By Healthcare Finance Staff

Certifi nabs Utah HIX business

"Exchanges are going to come in all shapes and sizes," Jay Belschner, managing partner of the Minnesota-based consulting, software and compliance firm Certifi told the Minneapolis Star Tribune.

"They're going to be public, they're going to be private. They're going to be profit, they're going to be not for profit. They're going to be owned by banks and they're going to be owned by health plans."

HIXs in many shapes and sizes means there's unlikely to be any one-size-fits-all accounting software for those exchanges, which is one reason why Certifi is eying contracts with states to run the back-end accounting and administrative systems, the Star Tribune wrote in a profile of the company.

In mid-September, Certifi's software was set to go live in Utah, home to one of the two exchanges currently operating in the country, with the other in Massachusetts. Certifi is handling the accounting, billing and payment processing for the small businesses buying plans, the three insurers and brokers operating in Utah Health Exchange.

The pending creation of exchanges is spurring a boom of sorts in a number of software and IT sub-sectors. As the Star Tribune put it, the exchange can be described as a stool with three digital legs; the first leg is the internet-shopping platform, the second is eligibility and enrollment software and the third is financial processing software.

All three stools need fairly advanced software and IT because, among other things, they can be hacked--as the Utah Health Exchange was several weeks ago.

As the Salt Lake Tribune reported, state officials described the hacking as "a pure act of graffiti. Words were garbled, headlines were blurred.

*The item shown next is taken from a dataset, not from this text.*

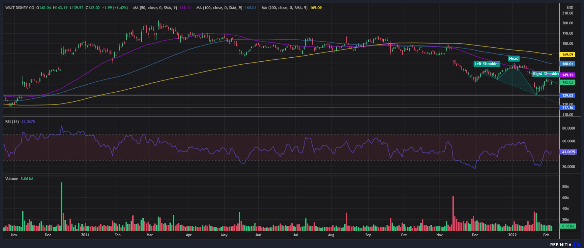 RSI与均线看跌(50天均线、100天均线和200天均线空头排列),表明股价可能进一步承压下行,并且得到了过去三个月可能形成的头肩顶形态的佐证。该形态要想成立,需要价格下破129低点,然后后市可能下探2020年10月低点117。

You couldn't access some of the pages." No data was stolen, officials said, and there won't be a criminal investigation.

Minnesota business groups seek clarity on state HIX

Back in Minnesota, where state officials got $31 million in federal funding to create an exchange, the state Chamber of Commerce is criticizing Democratic Governor Mark Dayton's decision not to unveil exact details of his administration's plans for the exchange until November 6--the day of the presidential election and 10 days before the deadline to submit exchange blueprints to the feds.

"We just don't know. That's the frustration. We have no idea what this thing is going to look like," Minnesota Chamber of Commerce president David Olson told the Minnesota Post.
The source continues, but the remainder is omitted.